Phase I study of ixabepilone, mitoxantrone, and prednisone in patients with metastatic castration-resistant prostate cancer previously treated with docetaxel-based therapy: a study of the department of defense prostate cancer clinical trials consortium

J Clin Oncol. 2009 Jun 10;27(17):2772-8. doi: 10.1200/JCO.2008.19.8002. Epub 2009 Apr 6.

Abstract

Purpose: Mitoxantrone plus prednisone and ixabepilone each have modest activity as second-line chemotherapy in docetaxel-refractory castration-resistant prostate cancer (CRPC) patients. Clinical noncrossresistance was previously observed.

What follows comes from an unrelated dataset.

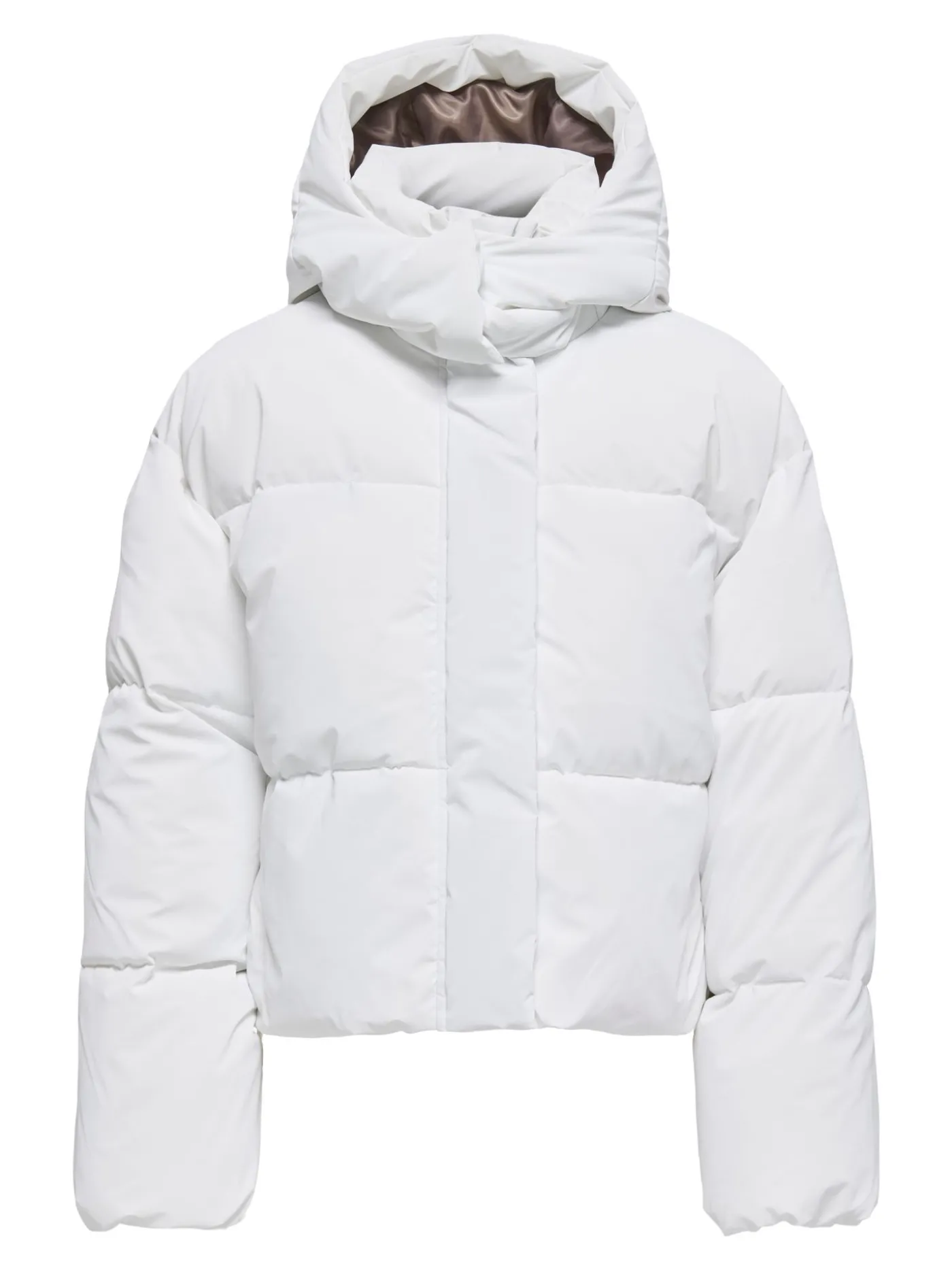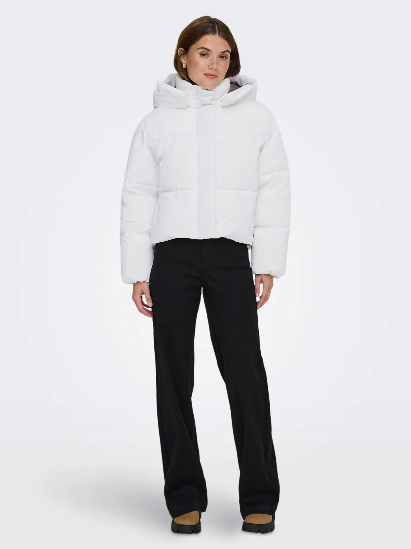 Witte puffer jas van Only. De jas is uitgevoerd in een frisse, helderwitte kleur die direct de aandacht trekt.Door de neutrale tint combineer je de jas moeiteloos met elke outfit, van casual tot sportief.De jas is voorzien van een comfortabele capuchon die aan de binnenzijde is afgewerkt met een bruine voering voor een subtiel contrast.Dankzij het tijdloze ontwerp en de neutrale kleur is dit een veelzijdig item dat je gemakkelijk kunt dragen. Perfect voor dagelijks gebruik tijdens de wintermaanden.

Patients and methods: Metastatic CRPC patients progressing during or after taxane-based chemotherapy enrolled in a phase I multicenter study of ixabepilone and mitoxantrone administered every 21 days along with prednisone. Ixabepilone and mitoxantrone doses were alternately escalated in a standard 3 + 3 design. Patients were evaluated for toxicity and disease response. Dose-limiting toxicities (DLTs) were defined as treatment related, occurring during cycle 1, and included grade 4 prolonged or febrile neutropenia, thrombocytopenia (grade 4 or grade 3 with bleeding), or > or = grade 3 nonhematologic toxicity.

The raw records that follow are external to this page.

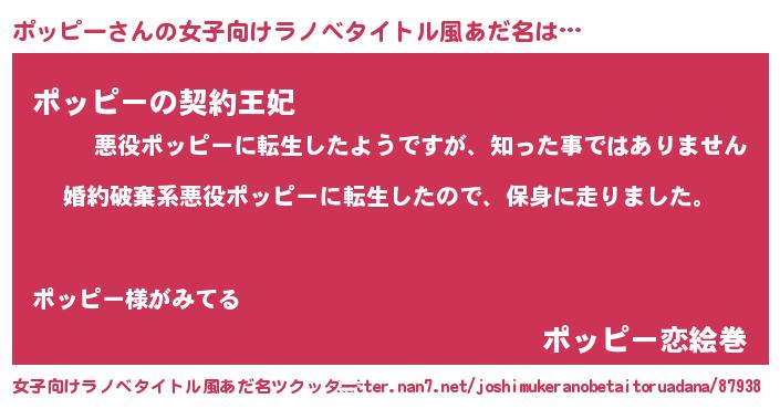 | ヒーロー風カッコイイあだ名 | 『ネオポッピー』『慈愛の使者ポッピー』 |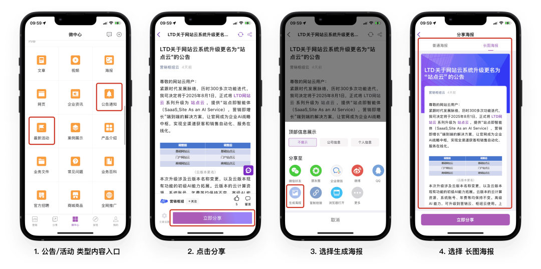 2) 公告/活动类型的内容,分享为长图海报
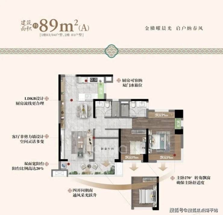 比如下方89平3房户型,做到了四开间朝南,主卧还能实现南北对流。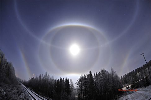 The last few postings—Toivo’s Parry arc, Mika’s lunar, and Marko M’s lunar—are all great. The oldtimers like Huygens, Bravais, and Wegener would have been thrilled to see the low sun (moon) circumscribed halos. When was the first good photograph of a low sun circumscribed halo? There are not so many of them. Look at the strength of Marko’s circumscribed halo in the 8:00 region (in the main posting); that is a region that should theoretically be weak. It is amazing.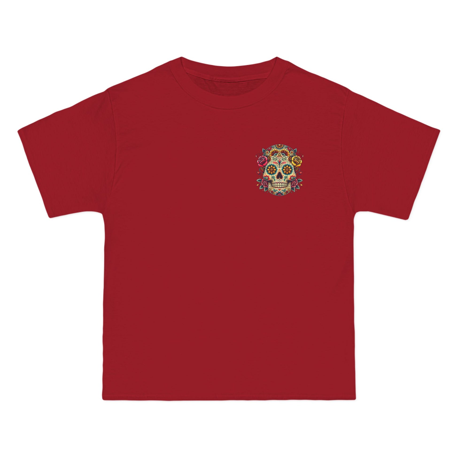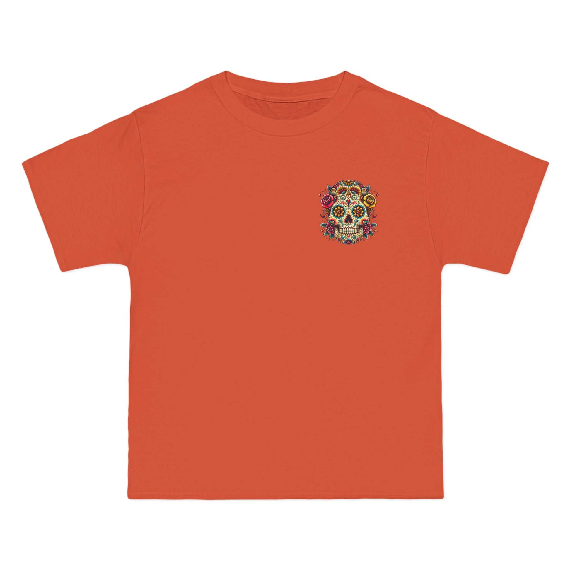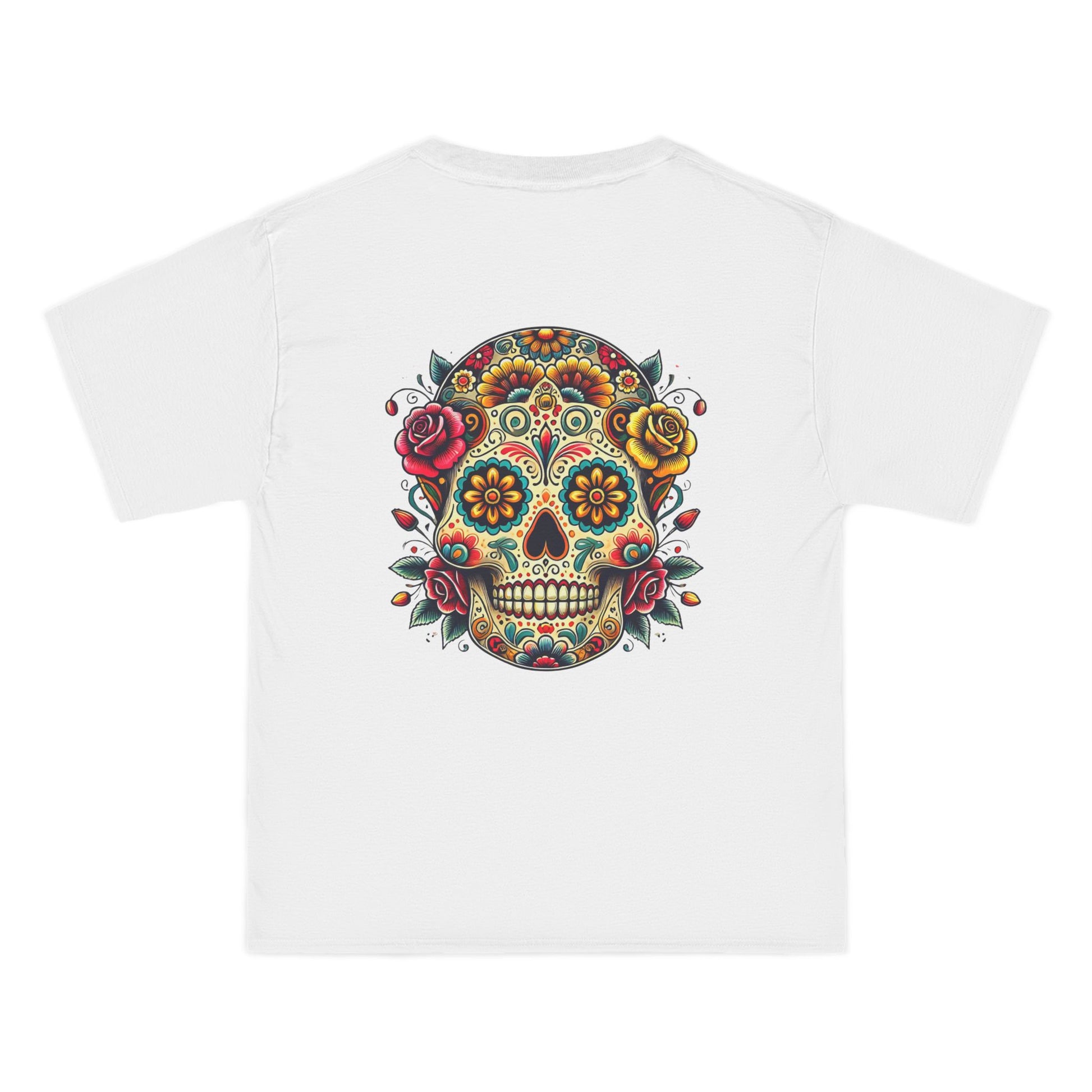 Every inch of this tee is a riot of robust colors, a canvas of red, blue, green, yellow, and orange that comes together in a stunning sugar skull design. The floral patterns and geometric detailing weave a whimsical tale of Mexican heritage, inviting you to wear your world on your sleeve—literally.

Results: Thirty-six patients were treated; 59% of patients experienced grade 3/4 neutropenia. DLTs included grade 3 diarrhea (n = 1), prolonged grade 4 neutropenia (n = 4), and grade 5 neutropenic infection (n = 1). Due to prolonged neutropenia, the highest dose levels were repeated with pegfilgrastim on day 2 of each cycle. The maximum tolerated dose in combination with pegfilgrastim was not exceeded. The recommended phase II dose is mitoxantrone 12 mg/m2 and ixabepilone 35 mg/m2 every 21 days, pegfilgrastim 6 mg subcutaneously day 2, and continuous prednisone 5 mg twice per day. Thirty-one percent of patients have experienced > or = 50% prostate-specific antigen (PSA) declines, and two experienced objective responses. Of 21 patients treated with mitoxantrone 12 mg/m2 plus ixabepilone > or = 30 mg/m2, nine (43%) experienced > or = 50% PSA declines (95% CI, 22% to 66%).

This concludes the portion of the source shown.